We’ll admit it, receiving a gorgeous, calligraphed envelope thrills us every time, and we’re really impressed by those who can create the gorgeous lettering. That’s why we were delighted to talk with Michele Hatty Fritz, the talented artist behind Meant To Be Calligraphy.
Fritz has loved calligraphy ever since taking her first class as an elementary school student. But her career took her in a different direction; she worked as a journalist for 15 years at such publications as USA Weekend Magazine and the Washington Post. She continued to do calligraphy work here and there, and in June 2009 decided to start her own calligraphy business.
“I decided to trade one sort of writing for another,” says Fritz. “And I’ve loved every minute of the past two years!”
Fritz letters wedding envelopes, of course, but she also works on invitations, menu cards, signs, seating cards, escort cards, programs, as well as other, more unique materials.
“A maid of honor hired me last summer to write out the toast she had given at her best friend’s wedding,” says Fritz. “The toast was so well-composed and heartfelt that I suggested that I write it out and bind it into a small book to give to the happy couple. Both the maid of honor and the newlyweds were so delighted, which made me so happy.”
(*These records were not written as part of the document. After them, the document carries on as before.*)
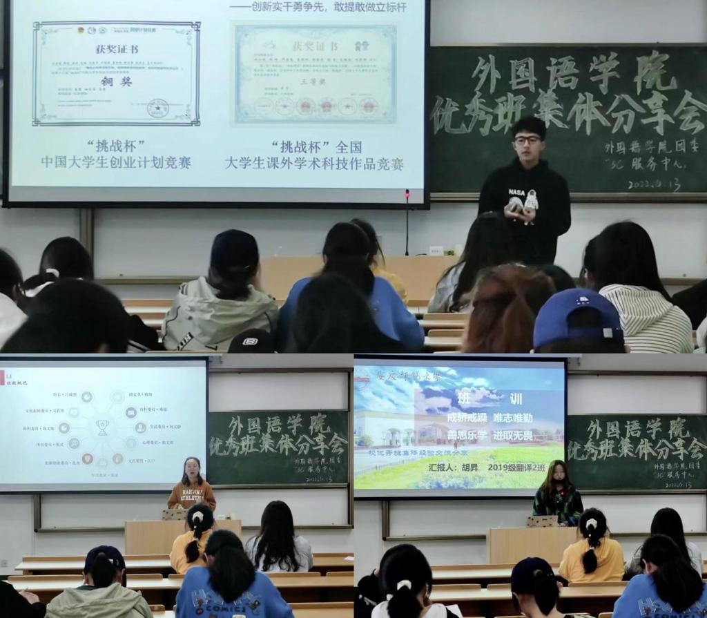 为进一步发挥优秀班集体的引领示范作用,提升班级凝聚力,引导班级明确创建目标和发展方向,4月13日下午,伟德victor1946于E107举办优秀班集体分享会,特邀请2021年度校十佳班集体2018级英语1班、先进班集体2019级商务英语1班、2019级翻译2班的班委们分享经验,2021级全体班委到场聆听。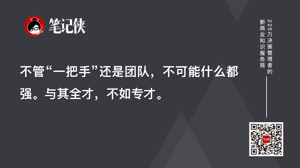 不管“一把手”还是团队,不可能什么都强。与其全才,不如专才。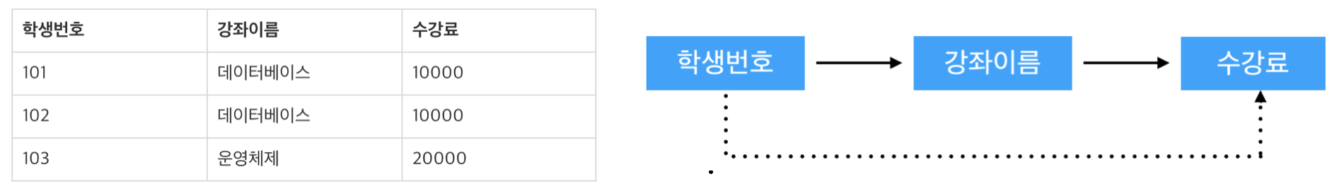 '강좌이름,'수강료'는 모두 기본키에 함수적으로 종속되어 있다.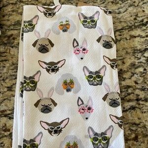 Cute Easter kitchen towels with multiple breeds of dogs, including Pugs, Poodles, Bull Terriers, and Frenchies.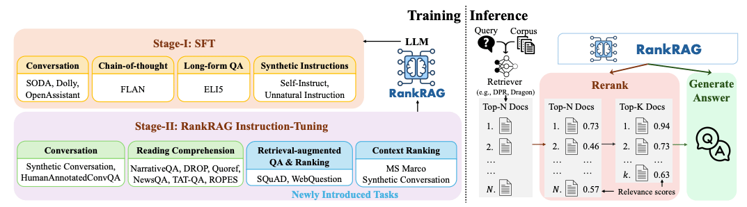 RankRAG, is a groundbreaking Retrieval-Augmented Generation (RAG) framework that instruction-tunes a single large language model (LLM) for both top-k context ranking and answer generation. By integrating a small portion of ranking data into its training blend, RankRAG excels in context ranking, outperforming existing expert models, including the same LLM fine-tuned exclusively on extensive ranking data.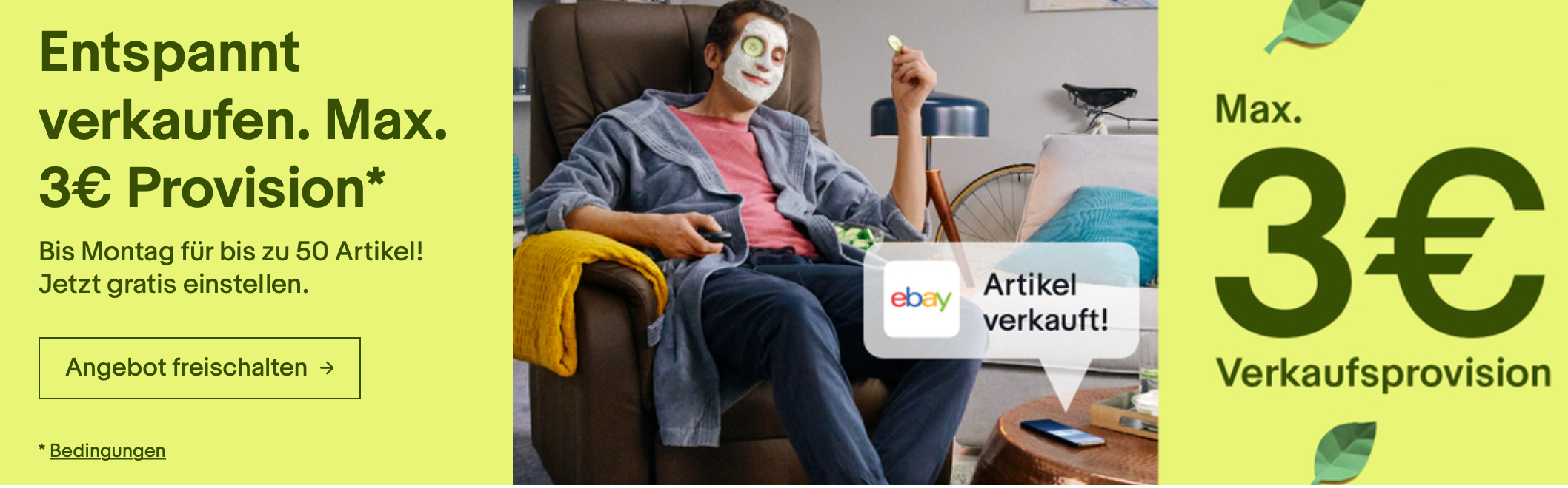 Bei ebay könnt ihr gerade wieder für nur 1€ Verkaufsprovision verkaufen. Die Aktion läuft bis 18.04. und ist bis zu 5x einlösbar.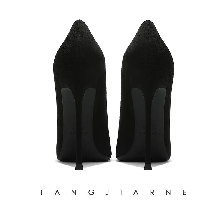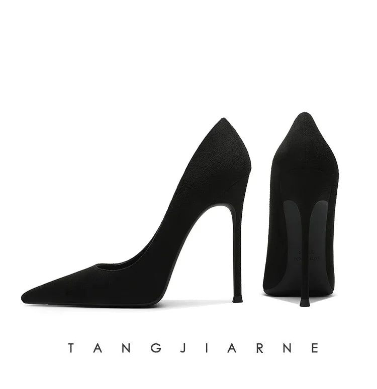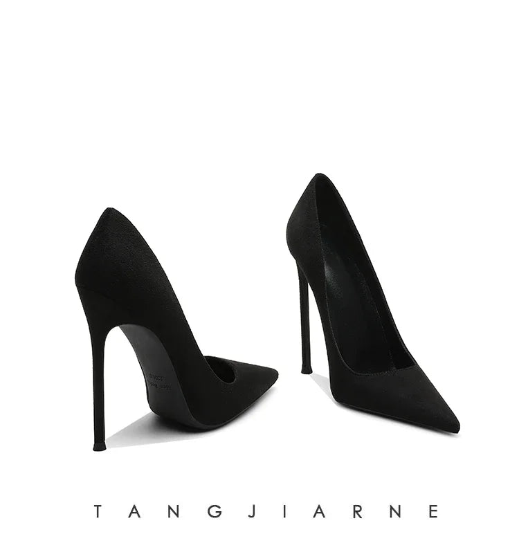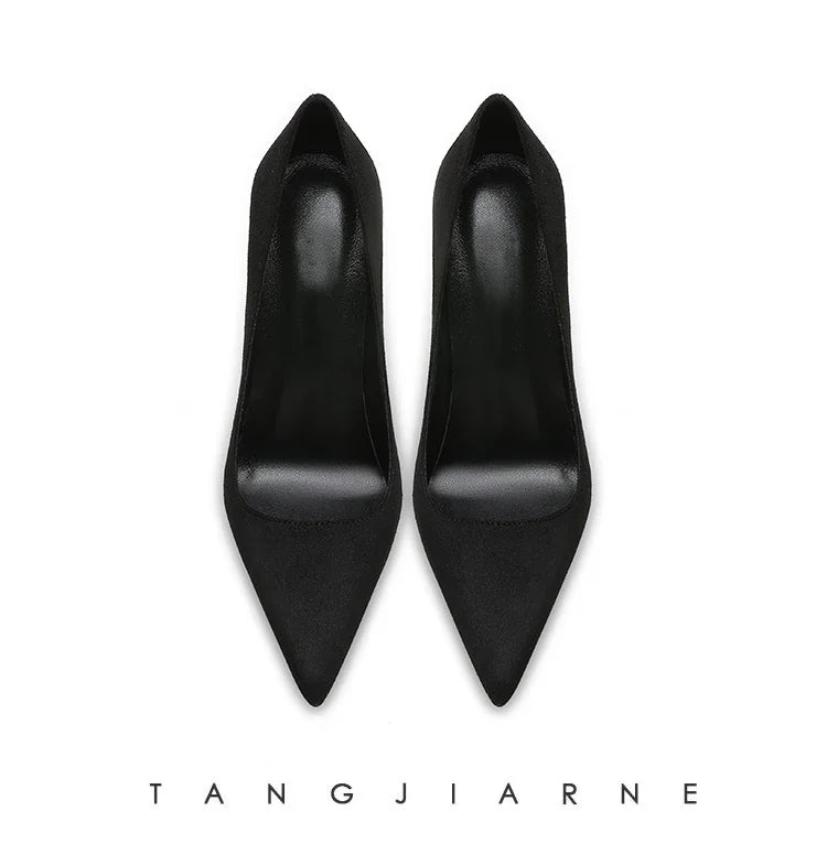 Black suede high heels women's slim heels

One of Fritz’s newer projects has been creating custom calligraphy return address rubber stamps (see photo, top right).
“Whenever I send packages, I write out the address labels in calligraphy,” says Fritz. “I kept hearing back from the recipients that they liked the labels so much they actually kept them—that got me thinking that perhaps people might like to have a way to add a bit of beauty to their own letter- and package-sending endeavors.”
Brides often look ahead to after their wedding, asking Fritz to design stamps using their new, married name and address, planning to use them in lieu of return address labels for thank-you notes (they also make a great wedding present). Stamps featuring just a family’s last name are also available, which could be used to adorn plain notecards, gift tags, even cocktail napkins.